専門職の法定後見人であれば毎月の報酬の支払いが発生するため、
認知症になってから亡くなるまでの期間が長いほど、費用面での負担がかかります。
任意後見であれば、信頼できる家族を後見人として選ぶことも可能なので、
本人の意向はもちろん、家族と十分に話し合って将来のことを決められます。
元気なうちに財産の管理について話し合っておけることは
相続の点でもメリットが大きいといえるでしょう。
ただし、家族であっても生活費が親子で分離していなかったり、
本人との間で借金があるなどの利害関係があったり、
本人と対立関係にあるといった場合は
任意後見人に選ばれることは難しいと思っていたほうが良いでしょう。
また、本人が亡くなってしまうと財産を管理する任意後見契約は失効するため、
実際の相続については別途、遺言書で残しておく必要があります。
任意後見で家族が後見人になれば、
毎月の報酬の設定も契約時に取り決められるので、
専門職の後見人に報酬を支払うよりも費用を抑えられるメリットがあります。
まとめ
成年後見では、法定後見よりも任意後見の方が本人はもちろん、
家族にもメリットが大きいのですが、
実際には法定後見にくらべると、まだまた浸透していません。
元気なうちに認知症になったときのことを家族で相談するのは難しい面もあるからでしょうか。

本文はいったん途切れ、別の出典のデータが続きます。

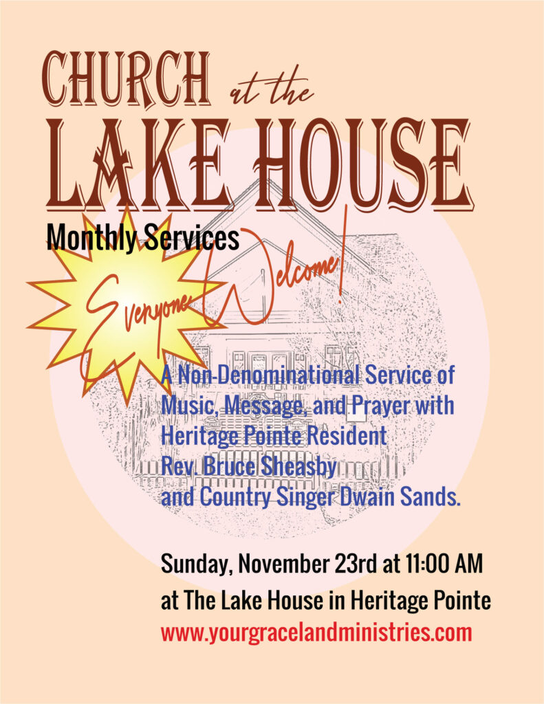 for “in person” Church services and fellowship at The Lake House at Heritage Pointe.

また、手間と費用をかけて公正証書で契約を交わしても、
認知症にならなければ執行されないまま本人が亡くなる可能性があることも、
普及につながっていない理由のひとつかもしれません。
備えあれば憂いなし。元気なうちに家族で任意後見について話し合うことで、
将来的に相続もスムーズにおこなえる可能性があるので、検討の余地は大きいといえます。